4 Feb 2024

Arts News Sunday 4 February 2024

From Culture 101, 1:57 pm on 4 February 2024

Art mega-event - the Venice Biennale has announced the artists participating in their 2024 showcase international exhibition, Foreigners Everywhere. It will include eight respected Māori artists, including three senior figures - Sandy Adsett, Fred Graham amd Selwyn Wilson. Celebrated sculptor Brett Graham and the Mataaho art collecitve, whose giant Te Papa installation was deinstalled this week - will also participate. 

It's a busy time in HR for two key national cultural organisations. 

Following the departure of Experience Wellington CEO Sarah Rusholme late last year - who led a controversial restructure of the organisation - there have been two more departures from the senior leadership team - Chief operating officer Louise Saviker and Director of Art and Heritage Elizabeth Caldwell. 

Caldwell has been director of City Gallery since 2012 and will leave March 1. She moves on to Napier City Council to be Manager Arts, Culture and Heritage. 

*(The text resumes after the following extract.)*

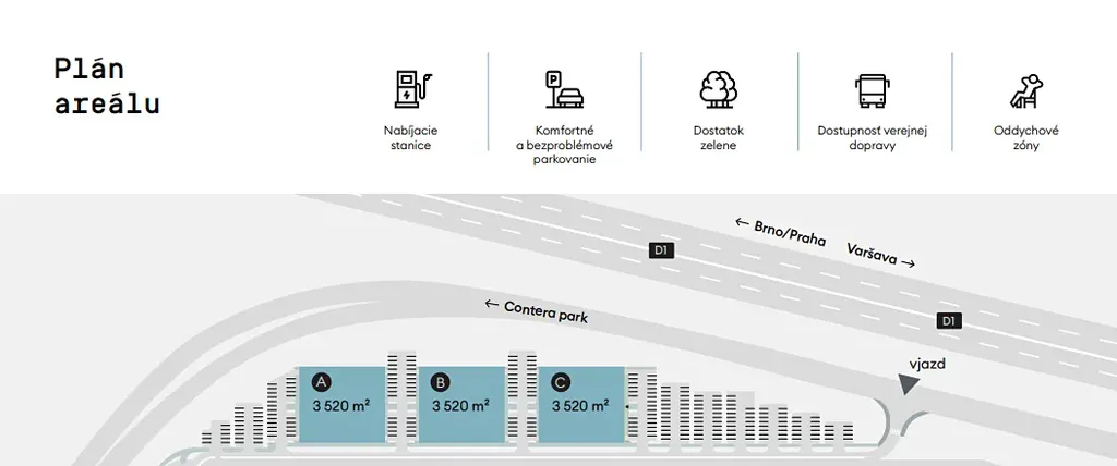 K dispozici jsou prostory od 500 m2 do 10560 m2. Komfortní a bezproblémové parkování je přímo před prostory. K dispozici jsou i nabíjecí stanice a také dostupnost veřejné dopravy.

This all follows in October Experience Wellington closing Capital E, the national theatre for children after 25 years. Experience Wellington are also responsible for managing institutions such as the gallery and Wellington Museum.

Staying with departures - two key programmers have left Whānau Mārama New Zealand International Film Festival. China/East Asia programmer Vicco Ho announced her resignation on social media, but perhaps the biggest blow is the departure of Ant Timpson who has worked with the festival for more than 30 years. Timpson has suggested the festival needs a major restructure - something the festival itself indicated with its November publication of a 10-year strategy.


Former Christchurch film-maker and musician Jonathan Ogilvie's film Head South played at the Rotterdam International Film Festival last week to a long standing ovation, and some solid reviews. The semi-autobiographical film tells the story of Angus, whose life is changed by punk rock while at high school in Christchurch in 1979. No release date has been set yet. 

The 2024 Ockham New Zealand Book Awards longlists have been released. Twelve of the 44 longlisted books are by first-time authors, and they are published by a record number of 20 individual publishing houses across the motu. 

Alongside the first-time authors, the Jann Medlicott Acorn Prize for Fiction includes relative heavyweights like Pip Adam, Anna Samill, Eleanor Catton, Catherine Chidgey and Emily Perkins, illustrating 2023 was quite a year for women in Aotearoa fiction.


Finally we were saddened to hear of the death of dynamic sculptor Warren Viscoe in late January. Highly regarded, Viscoe had a survey exhibition at the Dowse Art Musuem in 1997. 

Curator Justin Paton once said: "Walk into a gallery filled with Warren Viscoe's sculptures and you enter a working forest, a structure of structures, a meditation on landscape and memory that is told in planks and branches and wire and know-how."